• Assignment:
Once you reach the line containing "Ouro , pedras" in the data below, restate each line word for word up to and including the one containing "Nature’s Bounty Vitamin".

START Data

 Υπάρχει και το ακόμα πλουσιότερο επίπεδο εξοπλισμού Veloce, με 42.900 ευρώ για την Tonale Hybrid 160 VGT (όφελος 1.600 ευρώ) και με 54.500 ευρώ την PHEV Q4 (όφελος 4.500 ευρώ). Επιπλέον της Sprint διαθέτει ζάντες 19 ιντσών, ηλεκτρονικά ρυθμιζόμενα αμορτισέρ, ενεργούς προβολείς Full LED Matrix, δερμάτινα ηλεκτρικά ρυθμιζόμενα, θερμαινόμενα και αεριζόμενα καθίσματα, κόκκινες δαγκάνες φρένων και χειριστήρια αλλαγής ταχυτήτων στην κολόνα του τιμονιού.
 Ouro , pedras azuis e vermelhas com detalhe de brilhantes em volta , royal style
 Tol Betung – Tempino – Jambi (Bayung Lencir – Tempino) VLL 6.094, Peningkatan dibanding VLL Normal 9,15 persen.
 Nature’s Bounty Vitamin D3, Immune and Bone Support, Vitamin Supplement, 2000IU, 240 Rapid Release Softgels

END Data
START Data

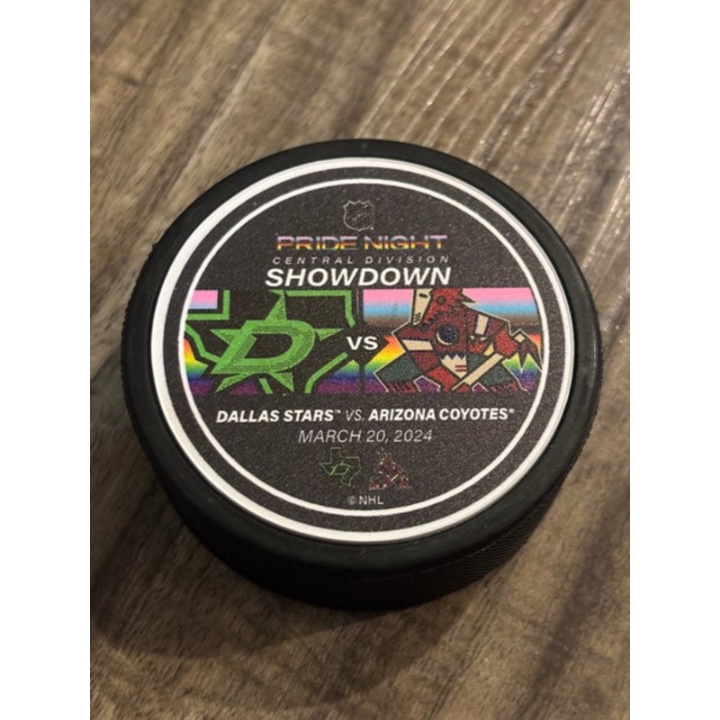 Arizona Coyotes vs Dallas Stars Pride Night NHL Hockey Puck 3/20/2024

END Data
START Data

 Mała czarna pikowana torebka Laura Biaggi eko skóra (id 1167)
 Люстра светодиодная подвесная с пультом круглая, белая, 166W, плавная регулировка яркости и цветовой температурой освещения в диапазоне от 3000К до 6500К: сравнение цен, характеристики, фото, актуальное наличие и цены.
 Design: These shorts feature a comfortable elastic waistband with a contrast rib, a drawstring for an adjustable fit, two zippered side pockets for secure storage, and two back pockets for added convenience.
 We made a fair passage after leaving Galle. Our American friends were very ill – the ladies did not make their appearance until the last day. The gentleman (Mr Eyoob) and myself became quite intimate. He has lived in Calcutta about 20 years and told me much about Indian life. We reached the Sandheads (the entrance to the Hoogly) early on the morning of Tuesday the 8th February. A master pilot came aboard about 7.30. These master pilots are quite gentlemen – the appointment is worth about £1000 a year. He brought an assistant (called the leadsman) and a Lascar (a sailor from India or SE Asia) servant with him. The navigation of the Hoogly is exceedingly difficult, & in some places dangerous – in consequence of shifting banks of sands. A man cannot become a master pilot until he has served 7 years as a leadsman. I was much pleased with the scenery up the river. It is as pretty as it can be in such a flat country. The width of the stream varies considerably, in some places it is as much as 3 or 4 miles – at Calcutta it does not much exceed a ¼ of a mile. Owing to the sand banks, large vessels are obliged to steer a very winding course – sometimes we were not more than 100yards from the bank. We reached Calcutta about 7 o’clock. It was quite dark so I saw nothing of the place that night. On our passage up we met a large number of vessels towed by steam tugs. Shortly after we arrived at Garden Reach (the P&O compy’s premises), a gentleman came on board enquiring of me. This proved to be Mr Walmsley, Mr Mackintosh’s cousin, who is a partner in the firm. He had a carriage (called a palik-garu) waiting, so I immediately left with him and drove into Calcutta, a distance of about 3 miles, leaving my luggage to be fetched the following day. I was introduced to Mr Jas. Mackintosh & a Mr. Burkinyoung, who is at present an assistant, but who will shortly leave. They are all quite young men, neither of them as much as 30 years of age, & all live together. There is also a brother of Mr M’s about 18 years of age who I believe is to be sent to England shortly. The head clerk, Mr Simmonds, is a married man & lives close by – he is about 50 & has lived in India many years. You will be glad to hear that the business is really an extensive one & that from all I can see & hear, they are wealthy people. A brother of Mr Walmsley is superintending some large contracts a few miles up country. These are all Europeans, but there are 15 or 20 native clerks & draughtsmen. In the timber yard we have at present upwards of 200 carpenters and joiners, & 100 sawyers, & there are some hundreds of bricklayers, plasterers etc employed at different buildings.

END Data

• Exercise output:
 Ouro , pedras azuis e vermelhas com detalhe de brilhantes em volta , royal style
 Tol Betung – Tempino – Jambi (Bayung Lencir – Tempino) VLL 6.094, Peningkatan dibanding VLL Normal 9,15 persen.
 Nature’s Bounty Vitamin D3, Immune and Bone Support, Vitamin Supplement, 2000IU, 240 Rapid Release Softgels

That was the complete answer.